Multi-Model Review

Type: Review pattern
Referenced from: openclaw-autoreview-skill

Definition

Running two or more LLM review engines against one frozen code bundle to get diverse perspectives on code quality, security, and correctness. Each engine sees the same snapshot but may catch different classes of issues due to different training, reasoning patterns, and tool access.

Default vs Opt-In

Configuration Default Opt-In
Single engine (Codex)
Panel (Codex + Claude)
Custom reviewer list

Single engine is the default. Codex should remain the normal final closeout engine. Panels are used when:
- Explicitly requested by the user
- Risk justifies the extra spend (security-critical changes, large refactors)

Panel Configuration

# Simple panel (Codex + Claude)
autoreview --panel

# Custom reviewers with model/thinking overrides
autoreview --reviewers codex,claude --model codex=gpt-5.1 --thinking codex=high --model claude=sonnet --thinking claude=max

# Inline syntax
autoreview --reviewers codex:gpt-5.1:high,claude:sonnet:max

Why Opt-In

  • Cost — Two engine calls cost roughly double
  • Diminishing returns — Most findings are caught by one good engine
  • Verification burden — The main agent must verify every finding from every engine
  • Complexity — Merging findings across engines introduces dedup and conflict resolution

Frozen Bundle

All reviewers see the same frozen code bundle.

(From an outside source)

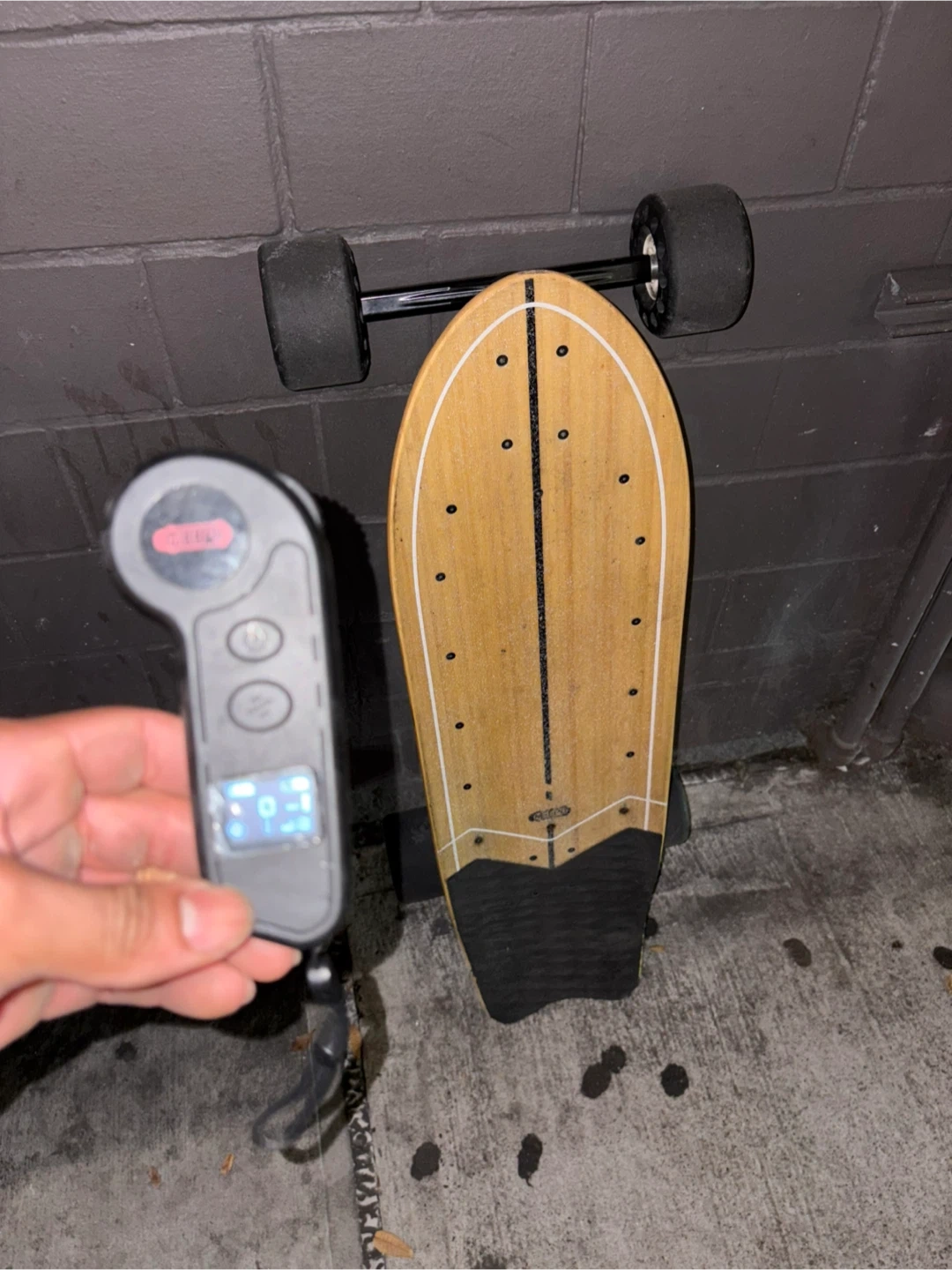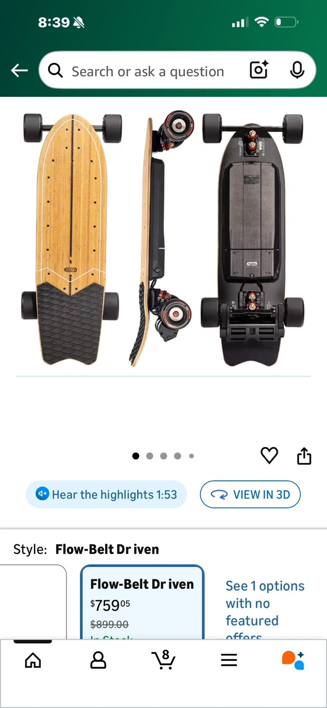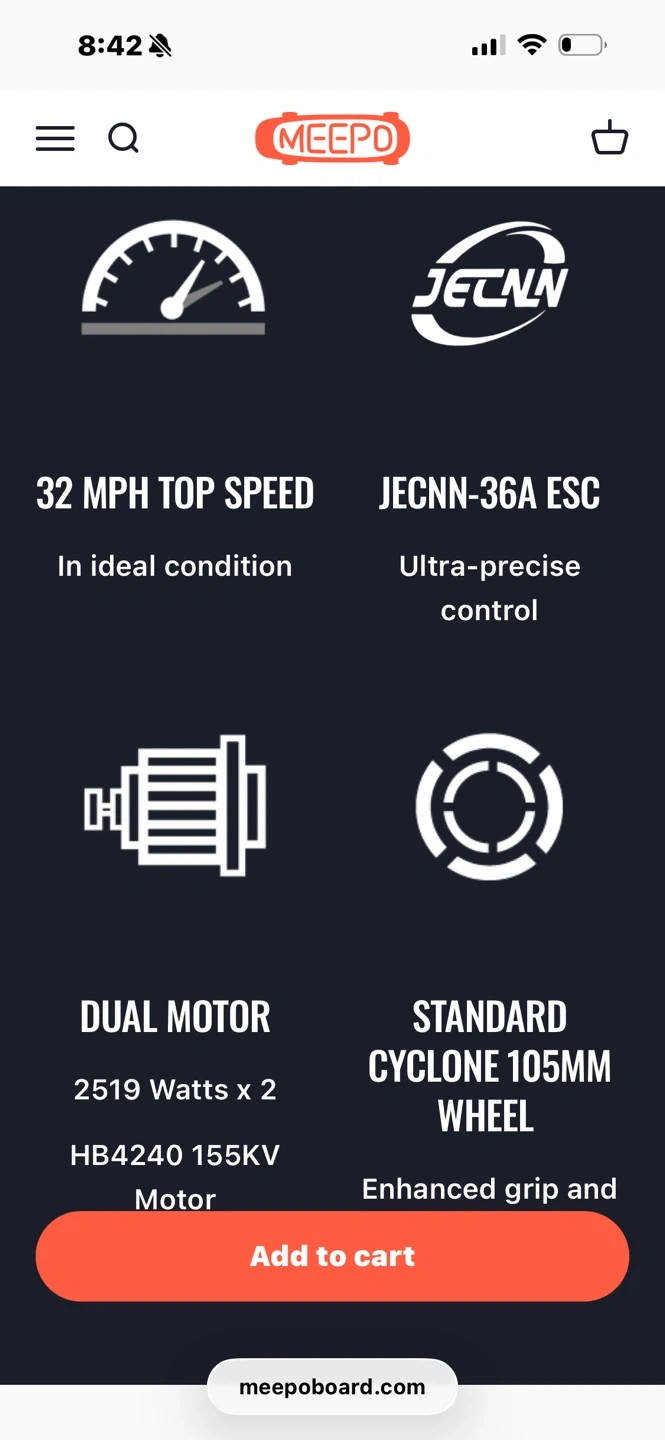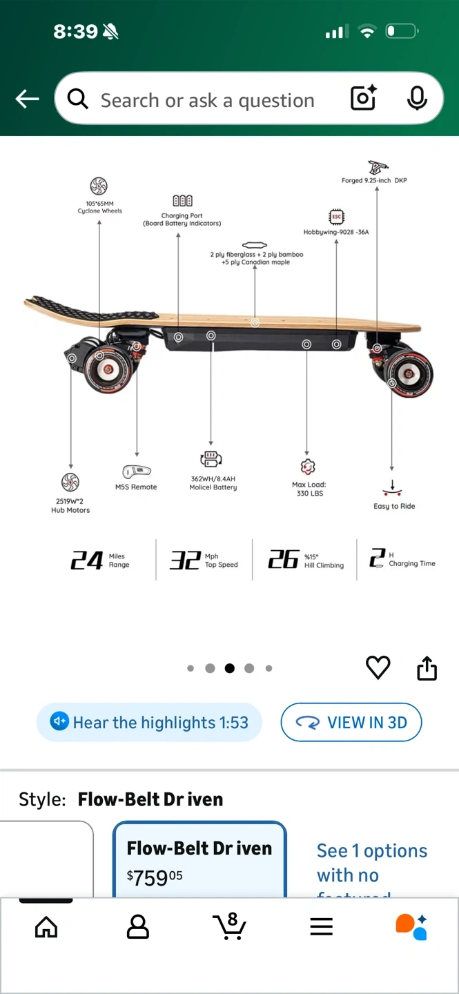 Meepo Flow-Belt Driven electric skateboard with a bamboo deck. It features 100MM Cyclone wheels and 5519W hub motors. Max load is 330 lbs, with a range of 24 miles and a top speed of 32 mph.

This ensures:
- No race conditions between reviewers
- Findings are comparable (same code state)
- One review path, not N parallel code states

Finding Verification

Even with multiple reviewers, the main agent verifies every accepted finding before fixing. Multi-model review multiplies advisory output, not authority.

Application to Factory Design

In a factory pipeline, multi-model review maps to a parallel review stage that's activated on demand:

BUILD → [Closeout Review] → Ship
              ↓ (if risk justifies)
         [Panel Review] → Verify all findings → Ship

The panel is a conditional branch, not the default path.